Женщины рассмеялись и так, смеясь, и ушли.
— У вас не соскучишься, — сказал Федор Мантулин Осипову.
— А у вас?
— У нас проще. Велик ли наш завод против вашей мануфактуры? И спален хозяйских у нас нету, и кухонь артельных. Живут кто в своей хатенке, кто в постояльцах.
— У вас жизнь сладкая, — засмеялся Володя Мазурин. — Известно, сахарный завод!
— Везде нашему брату рабочему одна сласть, — сказал Федор Мантулин. — Разве что теперь чего добьемся…
— Если к баррикаде подступает отряд, превосходящий вас по силе, встречайте его прицельным огнем. Приблизится к баррикадам, бросайте бомбы, — инструктировал Седой своих командиров. — Если же разъезд уступает вам по силе, немедленно командуйте вылазку и атакуйте его. Старайтесь окружить и взять в плен.
И сразу же объяснил преимущества такой тактики:
— Двух зайцев убиваем. Первое: пополняем запасы оружия и патронов. Второе: станут бояться нас. Каждый солдат поймет, что легкой победы ждать не приходится. Труднее будет офицерам и генералам посылать солдат в бой.
Вылазки дружинников участились. Обычно вражеские разъезды и патрули отступали, не принимая боя. Иногда удавалось зайти в тыл и окружить отряд противника. Тогда казаки и драгуны отступали, сражаясь, оставляя убитых и раненых. Трофейное оружие доставалось дружинниками после каждой вылазки. А случалось, захватывали и пленных.
Сегодня привели сразу шестерых артиллеристов. Столкнувшись с дружинниками, они не сопротивлялись, а сразу вскинули винтовки вверх. Их не стали обезоруживать, а так, с винтовками и тесаками, и доставили на «большую кухню».

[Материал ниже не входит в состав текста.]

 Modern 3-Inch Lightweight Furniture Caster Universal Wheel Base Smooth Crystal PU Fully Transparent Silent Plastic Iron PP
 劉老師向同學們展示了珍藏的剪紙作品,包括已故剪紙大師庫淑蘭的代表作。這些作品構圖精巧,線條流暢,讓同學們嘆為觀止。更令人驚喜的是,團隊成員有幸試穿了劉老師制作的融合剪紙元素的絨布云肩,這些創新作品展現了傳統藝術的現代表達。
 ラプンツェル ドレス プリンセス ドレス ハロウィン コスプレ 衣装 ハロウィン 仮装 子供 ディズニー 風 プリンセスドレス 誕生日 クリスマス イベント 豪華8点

Когда сообщили Седому, он распорядился прежде всего накормить солдат досыта. Они еще трудились над огромной миской с рассыпчатой гречневой кашей, когда Седой в сопровождении Володи Мазурина появился на «большой кухне». Был в ношеной солдатской гимнастерке без погон, и с увлечением обедавшие артиллеристы не обратили на него особого внимания.

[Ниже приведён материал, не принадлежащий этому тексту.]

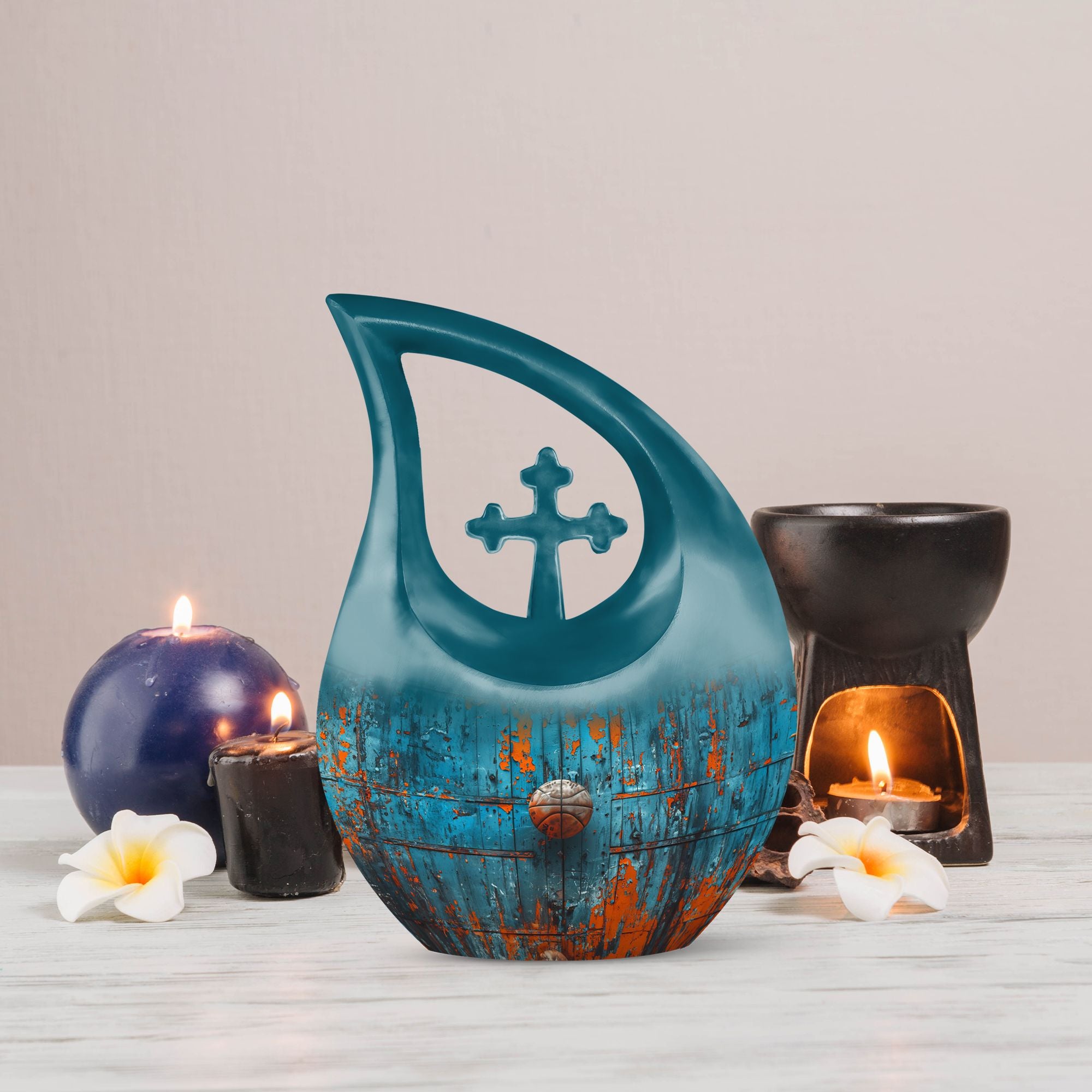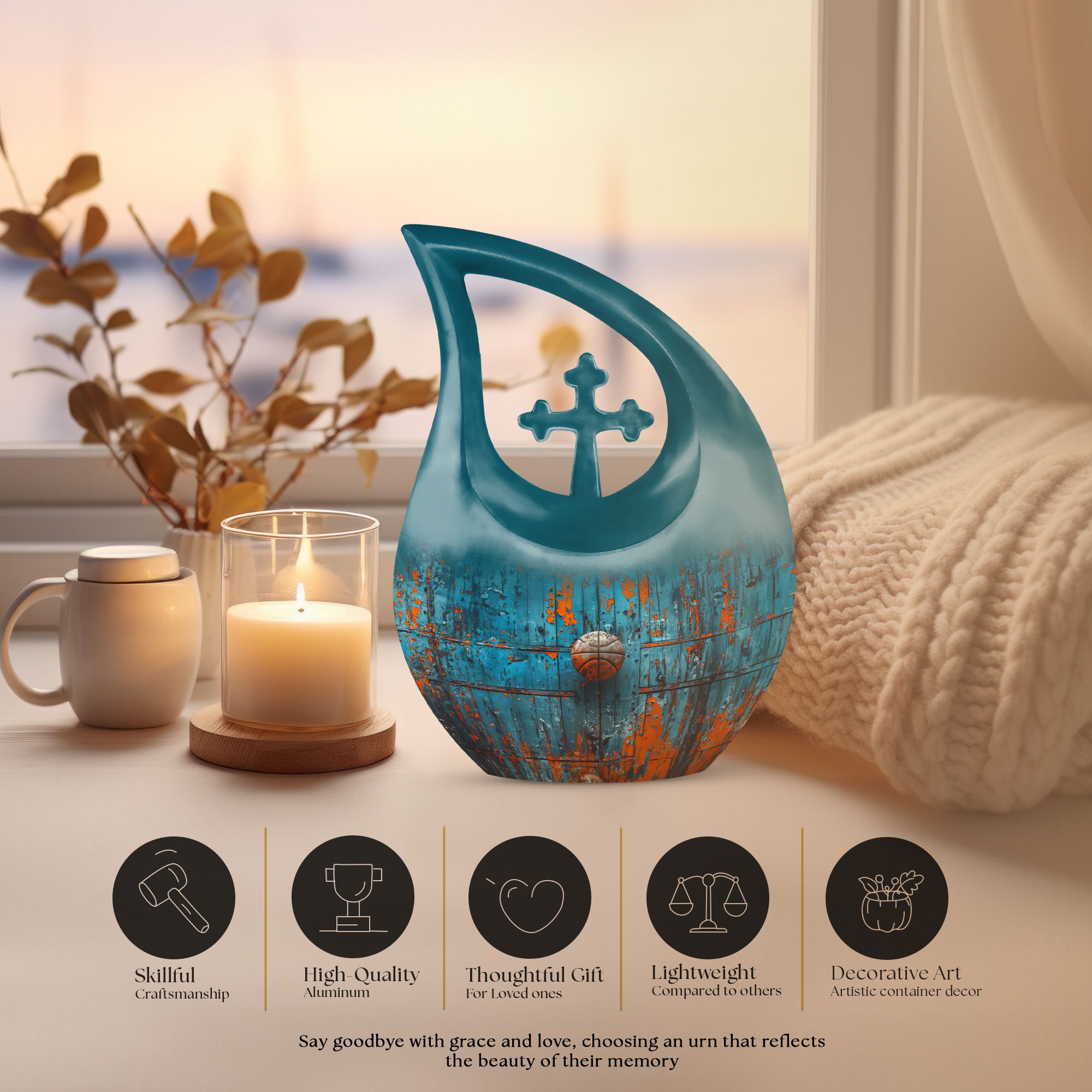Honoring your dearly departed's love for basketball and the Christian faith has never been more dignified with our Cross Drop Basketball Urn. This stately memorial urn is handcrafted from high-quality aluminium and stands at 10 inches tall, embodying a refined balance of elegance and strength. It possesses an impressive 200 cubic inches capacity, making it suitable for large urn needs. Included in your purchase is a sumptuous velvet pouch, providing a respectful containment for ashes. Despite the impeccable quality, this urn remains affordable, adhering to our belief that commemorating a loved one should not weigh heavily on your budget. In addition, we offer the ability to personalize this urn with engraved names, allowing you to add that much-needed touch of intimacy and remembrance. Whether you are seeking a basketball urn or simply require a cost-effective solution, our Cross Drop urn is an ideal choice that promises not to disappoint.

— Начальник штаба боевых дружин, командующий всеми войсками на Пресне, — представил его Володя Мазурин.
Солдаты по привычке мгновенно вскочили и застыли как по команде «смирно».
— Вольно, вольно… — улыбнулся Седой. — Доедайте не торопясь, а потом побеседуем, товарищи артиллеристы.
Солдаты сперва заметно дичились своего собеседника, но у Седого был за плечами многолетний опыт партийного агитатора. И он сумел вызвать их на откровенный разговор.
Зачинать разговор пришлось самому:
— Если вы, товарищи солдаты, спросите меня, почему я против царя, я вам объясню. Вырос в нищете, не всякий день ел досыта. С тринадцати лет пошел работать. Слесарную науку вбивали в меня кулаками… К семнадцати годам понял на своей шкуре, кому царь батюшка, а кому вовсе наоборот. Понял, что царь всегда держит руку помещика и фабриканта, а крестьянину и рабочему на царя надеяться нечего. И стал бороться… Сколько раз арестовывали, сколько раз били смертным боем в охранке и в тюрьме, не стану сказывать. Сами видите: тридцати годов еще не прожил, а голова белая… Вот почему я против царя. Это вы понять можете?..
— Чего уж тут не понять… — сочувственно отозвался один из артиллеристов, возрастом заметно постарше остальных.
— А теперь вы мне поясните, — продолжал Седой. — Вы-то по какой причине за царя стоите?.. Может, вы дворянского роду-племени или из именитого купечества? Может, у вас именья богатые, земли по тыще десятии?.. Не скрывайте, говорите, чтобы понял я, чем вас царь прельстил.
— Мы царю присягали…
— Не в первый раз слышу эти слова, — возразил Седой. — Конечно, солдатская присяга — дело крепкое. Только на это я вот что скажу. Присяга — это ведь по совести, от чистой души, по доброй воле… А ну-ка, вспомните, так ли вы присягу давали?..
Все сидели насупившись. Зацепил-таки он их за живое.
Наконец пожилой солдат сказал со вздохом:
— Какая уж там добрая воля…
— Так надо ли повиноваться такой подневольной присяге? — продолжал допытываться Седой.
— Все одно грех!.. — убежденно произнес тот же солдат, что первый помянул о присяге.
— А в братьев своих стрелять не грех?
— А мы и не стреляли, — сказал пожилой. — Как ваши подошли, мы винтовки подняли.
— Правильно поступили! — сказал Седой. — Рабочие и крестьяне солдатам не враги
— Это мы понимаем…
— Надо так повернуть дело, — сказал Седой, — чтобы это поняла вся ваша батарея, а потом и весь ваш полк.